The giant aircraft and auto factories that ringed the city were entirely unionized, and the largest of L.A.’s housing tracts went up around those plants. As had been the case in Henry Ford’s and Walter Reuther’s Detroit, the combination of high-end manufacturing and unions yielded a working class that could afford its own homes — and, on occasion, its own backyard pools. Confident about their economic condition and prodded by the state’s visionary Democratic governor, Pat Brown, Angelenos supported and benefited from a wave of public investment that soon produced the best school and transportation systems in the land. And foreign visitors who came to America to observe the first majority middle class in the history of the world were invariably directed to L.A., where entertainment and science and a burgeoning youth culture came together to make something new under the smoggy sun.

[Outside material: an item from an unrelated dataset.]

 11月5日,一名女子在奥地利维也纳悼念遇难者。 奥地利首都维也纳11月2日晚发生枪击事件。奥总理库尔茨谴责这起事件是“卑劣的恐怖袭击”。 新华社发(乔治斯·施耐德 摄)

It’s been four decades since the Democrats ventured here, to find the kind of city Jack Kennedy might well have had in mind when he observed that a rising tide lifts all boats. So, a warning to any delegates who were last here in 1960: You won’t recognize the place. The city that once epitomized the shared prosperity of the postwar era now epitomizes the stunning inequality of America today. Through good times and bad, Los Angeles has kept its role as a leading indicator for the nation.

The return of the Democrats to L.A., then, is an occasion to take stock of what Los Angeles has been, of what it is today, of what it may become. It’s a tale of rise and fall and, in a sudden Act III twist, the most unexpected kind of rebirth. For Los Angeles is well on its way to crafting — of all things! — a new urban progressivism, focused on the plight of the working poor. If the Democrats here to nominate Al Gore look closely, they’ll see a city becoming a latter-day version of the New York of 1900: a vast settlement house for immigrants, and a proving ground for a renascent American left.

II. L.A. 2000

In some of its fundamentals, of course, the city should still be recognizable to a veteran of the ’60 convention. The mayor is still (or rather, again) a Republican. The city’s entertainment, science and youth culture still, for better and worse, help shape the world. Yet another constant of Los Angeles life is the LAPD: In The Making of the President 1960 Theodore White, describing the airport security as Kennedy arrived for the convention, called the Los Angeles police “among the most efficient, if the most cruel, in the nation.” Today — well, you know about today.

But the California dreamin’ of the ’60s has given way to a more vexing reality. The New Deal city of 1960, where the middle-class majority puttered and futzed in the back yard every weekend, is long gone. Over the past several decades, not the bottom but the middle has fallen out of the L.A. economy.